*** Opening of Source material ***
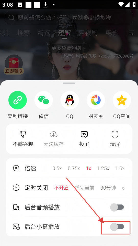 3、在设置菜单里,找到【后台小窗播放】选项,点击它旁边的开关,就能开启小窗播放功能。
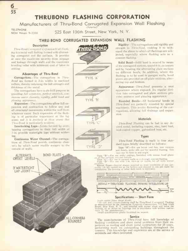Thrubond Flashing Corp 1938 Vintage Catalog Corrugated Expansion Wall
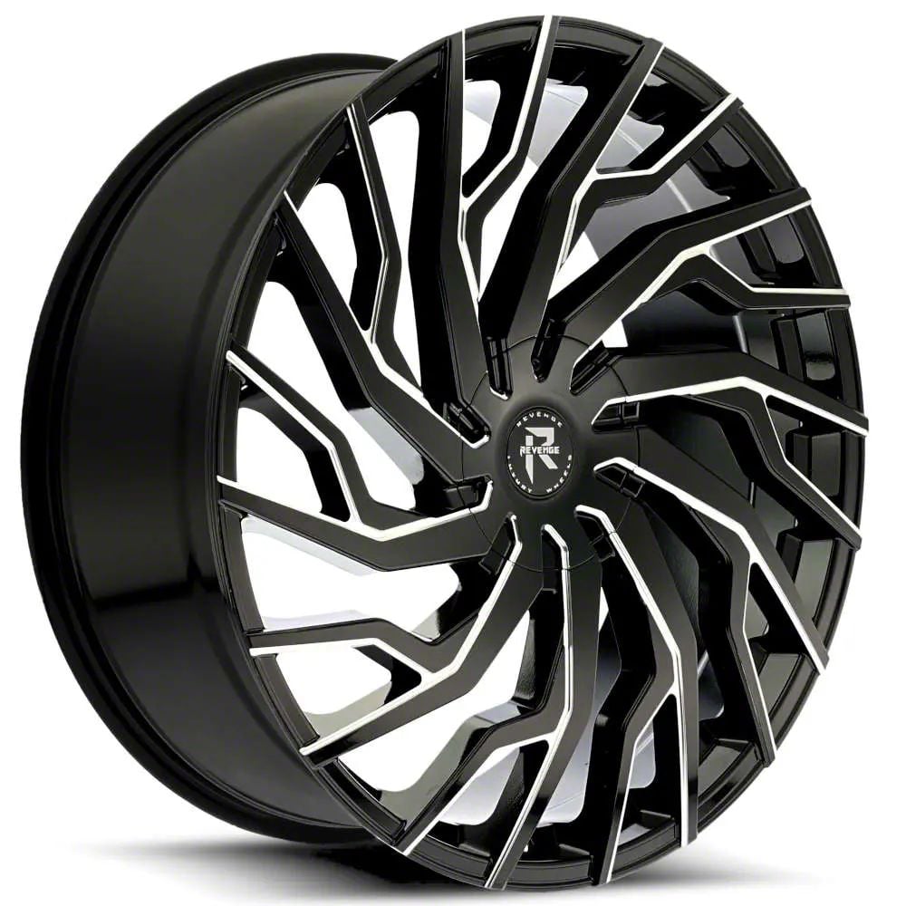 Revenge Luxury Wheels RL-101 Black Milled Windows 6-Lug Wheel; 24x9; 25mm Offset - Enhance your vehicle's style with the Revenge Luxury Wheels wheel. This wheel's distinctive design and finish complement your vehicle's aesthetics, making a bold statement. It's crafted to accentuate the unique character of your car, emphasizing a premium and robust appeal.
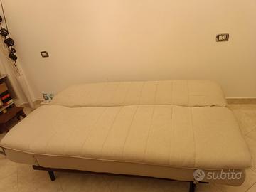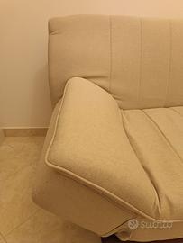 Vendo causa mancato spazio divano letto 3 posti marca Deghi, in tessuto beige con braccioli reclinabili, Nuovo già montato con possibilità di smontaggio al ritiro.
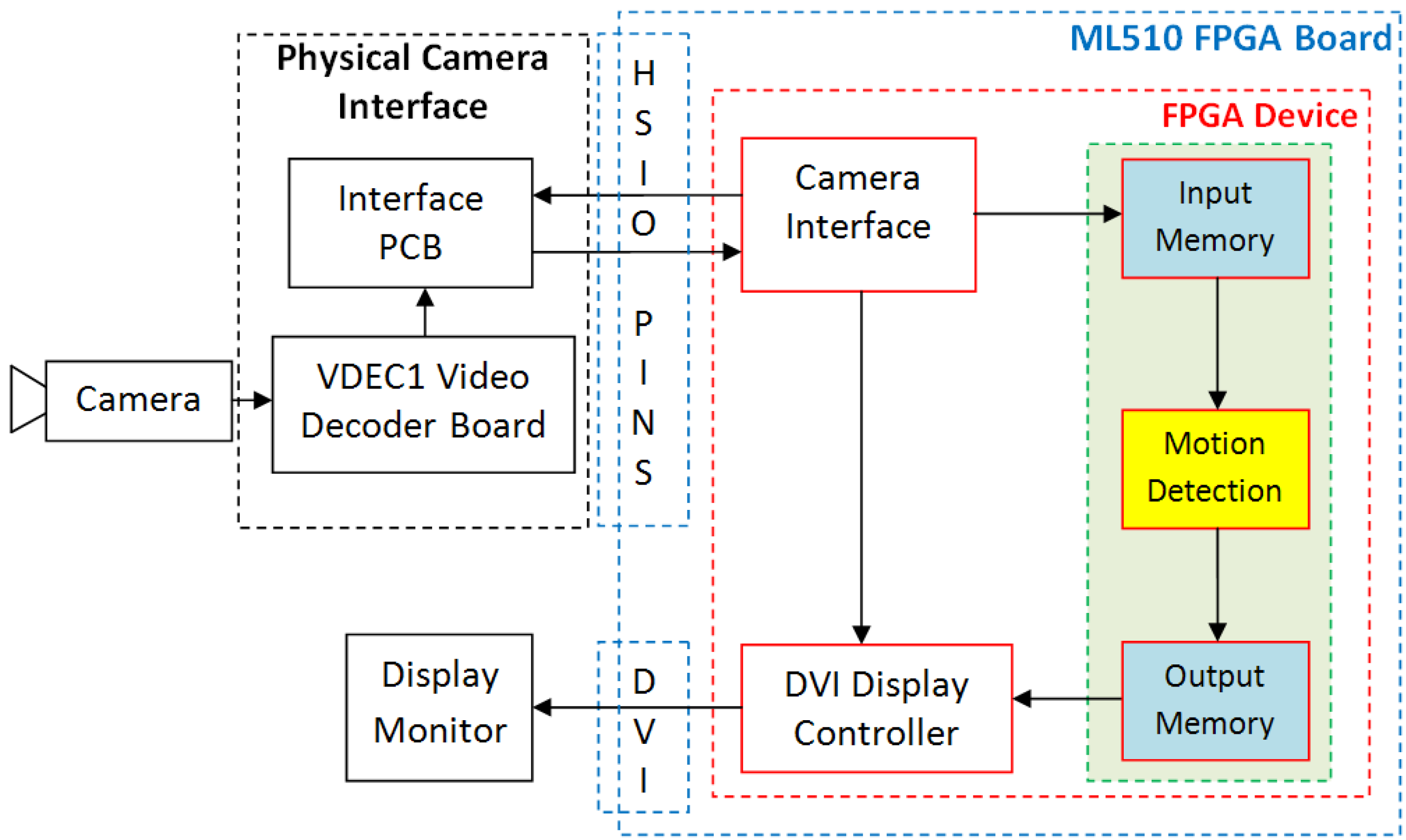 Input video, captured by a Sony Analog Camera, is digitized by Digilent VDEC1 Video Decoder Board. The digital output signals from the video decoder board are transferred to FPGA platform using high speed I/O ports (HSIO PINS) available on Xilinx ML510 (Virtex-5 FX130T) FPGA Board using custom designed Interface PCB. The components inside dashed blue line are available on Xilinx ML510 (Virtex-5 FX130T) FPGA Board. These include FPGA Device (shown by dashed red line), High Speed Input Output Interface (HSIO PINS), and DVI Interface. The Camera Interface module uses the digital video signals available at the FPGA interface and extracts RGB data and generates Video Timing Signals. The DVI Display Controller is used to display the processed data on Display Monitor.
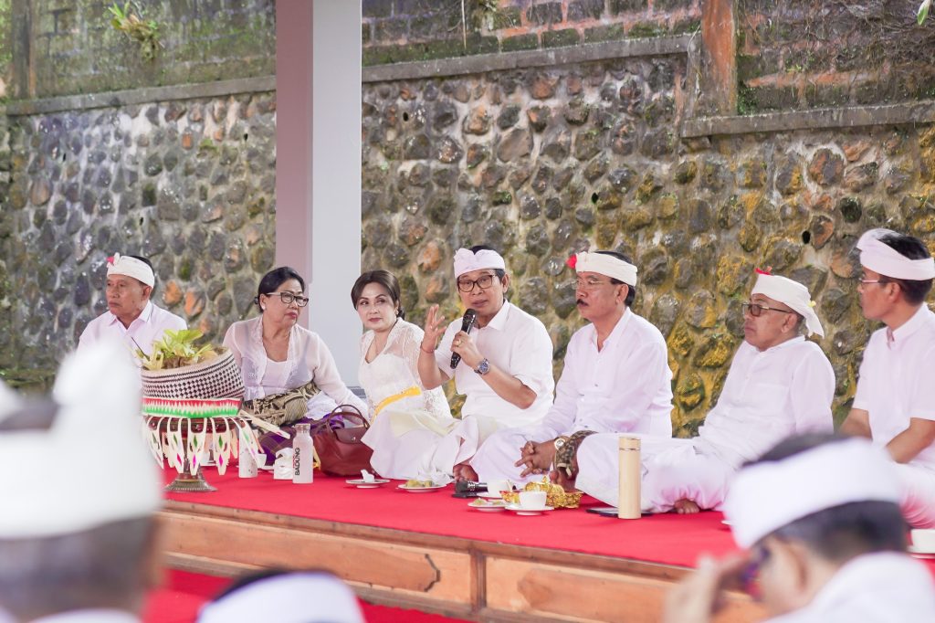 Lebih lanjut, Bupati berpesan kepada seluruh krama untuk terus menjaga persatuan dan kekompakan dalam pelestarian adat, agama, budaya, serta tradisi. Menurutnya, menjaga dan mensucikan pura merupakan tanggung jawab bersama guna mencapai kerahayuan serta menciptakan jagadhita dan santhi. “Mari bersama-sama mengaturkan restiti bhakti kepada Ida Sang Hyang Widhi Wasa dan Ida Sesuhunan yang berstana di sini. Saya pastikan pembangunan pura ini akan terus berlanjut guna meringankan beban krama Pasemetonan Arya Kanuruhan,” tegas Adi Arnawa.
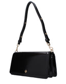 The product with MPN 157620001 and code F83374 patent leather in black is a shoulder bags designed by Tory Burch. It has features like front logo, adjustable handle, removable handle, divider inner pocket.
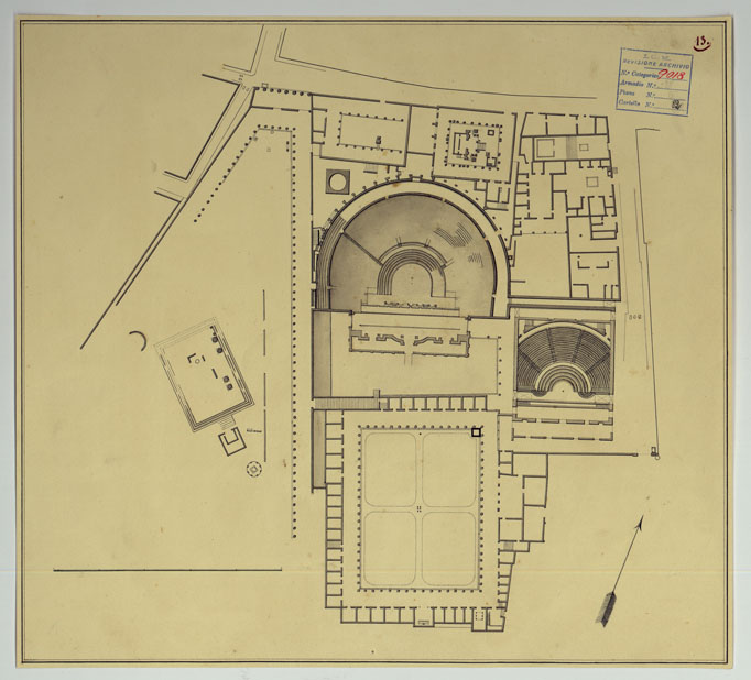 "Docum. 63. Trentatrè minute a scale varie e di dimensioni diverse, dei rilievi eseguiti dal 1826 al 1840 dall'Ing. Marchesi parte dei quali servirono per la costruzione della "Pianta degli scavi di Pompei" (Docum. 61 - n. di categorico 9016). Annessi due grafici delle triangolazioni eseguite nel 1837 e una minuta dei rilievi eseguiti nel 1852 dall'Ing. Mezzacapo."
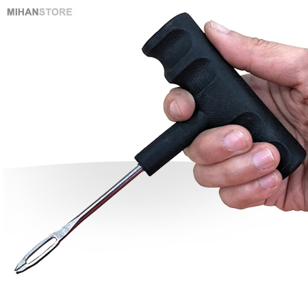 پنچری با استفاده از انبردست یا دم باریک از لاستیک خارج می شود و بلافاصله
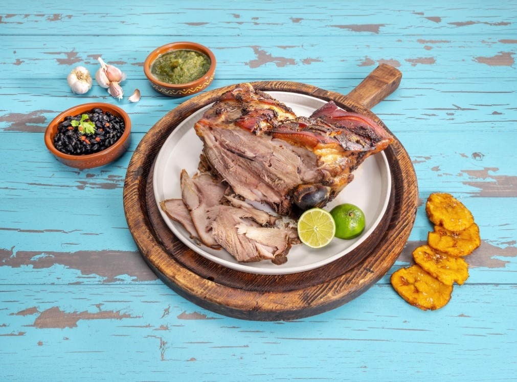 8. Retirer le porc du four et laisser reposer pendant 20 minutes, retirer la peau avec un couteau bien aiguisé, vous pouvez maintenant le trancher ou le couper en morceaux, puis les garnir de peau croustillante (chicharron).
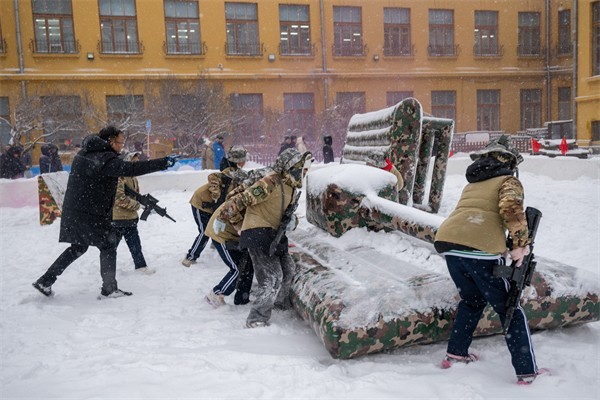 学校搭建了军营、雪道、冰场,还原抗日战争中部分作战场景。“李兆麟”冰雪练兵、“杨靖宇”辗转游击、“周保中”雪原突围、“赵尚志”雪野奇袭,将军们的英勇无畏穿透风雪岁月,在晶莹的冰雪天地间凛然矗立。
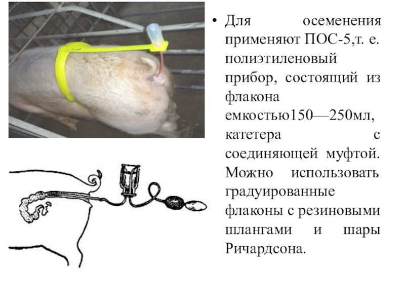 Слайд 141Для осеменения применяют ПОС-5,т. е. полиэтиленовый прибор, состоящий из флакона емкостью150—250мл, катетера
*** Close of Source material ***
Task requirements: Set down the entries again without change. Leave the pictures out.

Written solution:
 3、在设置菜单里,找到【后台小窗播放】选项,点击它旁边的开关,就能开启小窗播放功能。
Thrubond Flashing Corp 1938 Vintage Catalog Corrugated Expansion Wall
 Revenge Luxury Wheels RL-101 Black Milled Windows 6-Lug Wheel; 24x9; 25mm Offset - Enhance your vehicle's style with the Revenge Luxury Wheels wheel. This wheel's distinctive design and finish complement your vehicle's aesthetics, making a bold statement. It's crafted to accentuate the unique character of your car, emphasizing a premium and robust appeal.
 Vendo causa mancato spazio divano letto 3 posti marca Deghi, in tessuto beige con braccioli reclinabili, Nuovo già montato con possibilità di smontaggio al ritiro.
 Input video, captured by a Sony Analog Camera, is digitized by Digilent VDEC1 Video Decoder Board. The digital output signals from the video decoder board are transferred to FPGA platform using high speed I/O ports (HSIO PINS) available on Xilinx ML510 (Virtex-5 FX130T) FPGA Board using custom designed Interface PCB. The components inside dashed blue line are available on Xilinx ML510 (Virtex-5 FX130T) FPGA Board. These include FPGA Device (shown by dashed red line), High Speed Input Output Interface (HSIO PINS), and DVI Interface. The Camera Interface module uses the digital video signals available at the FPGA interface and extracts RGB data and generates Video Timing Signals. The DVI Display Controller is used to display the processed data on Display Monitor.
 Lebih lanjut, Bupati berpesan kepada seluruh krama untuk terus menjaga persatuan dan kekompakan dalam pelestarian adat, agama, budaya, serta tradisi. Menurutnya, menjaga dan mensucikan pura merupakan tanggung jawab bersama guna mencapai kerahayuan serta menciptakan jagadhita dan santhi. “Mari bersama-sama mengaturkan restiti bhakti kepada Ida Sang Hyang Widhi Wasa dan Ida Sesuhunan yang berstana di sini. Saya pastikan pembangunan pura ini akan terus berlanjut guna meringankan beban krama Pasemetonan Arya Kanuruhan,” tegas Adi Arnawa.
 The product with MPN 157620001 and code F83374 patent leather in black is a shoulder bags designed by Tory Burch. It has features like front logo, adjustable handle, removable handle, divider inner pocket.
 "Docum. 63. Trentatrè minute a scale varie e di dimensioni diverse, dei rilievi eseguiti dal 1826 al 1840 dall'Ing. Marchesi parte dei quali servirono per la costruzione della "Pianta degli scavi di Pompei" (Docum. 61 - n. di categorico 9016). Annessi due grafici delle triangolazioni eseguite nel 1837 e una minuta dei rilievi eseguiti nel 1852 dall'Ing. Mezzacapo."
 پنچری با استفاده از انبردست یا دم باریک از لاستیک خارج می شود و بلافاصله
 8. Retirer le porc du four et laisser reposer pendant 20 minutes, retirer la peau avec un couteau bien aiguisé, vous pouvez maintenant le trancher ou le couper en morceaux, puis les garnir de peau croustillante (chicharron).
 学校搭建了军营、雪道、冰场,还原抗日战争中部分作战场景。“李兆麟”冰雪练兵、“杨靖宇”辗转游击、“周保中”雪原突围、“赵尚志”雪野奇袭,将军们的英勇无畏穿透风雪岁月,在晶莹的冰雪天地间凛然矗立。
 Слайд 141Для осеменения применяют ПОС-5,т. е. полиэтиленовый прибор, состоящий из флакона емкостью150—250мл, катетера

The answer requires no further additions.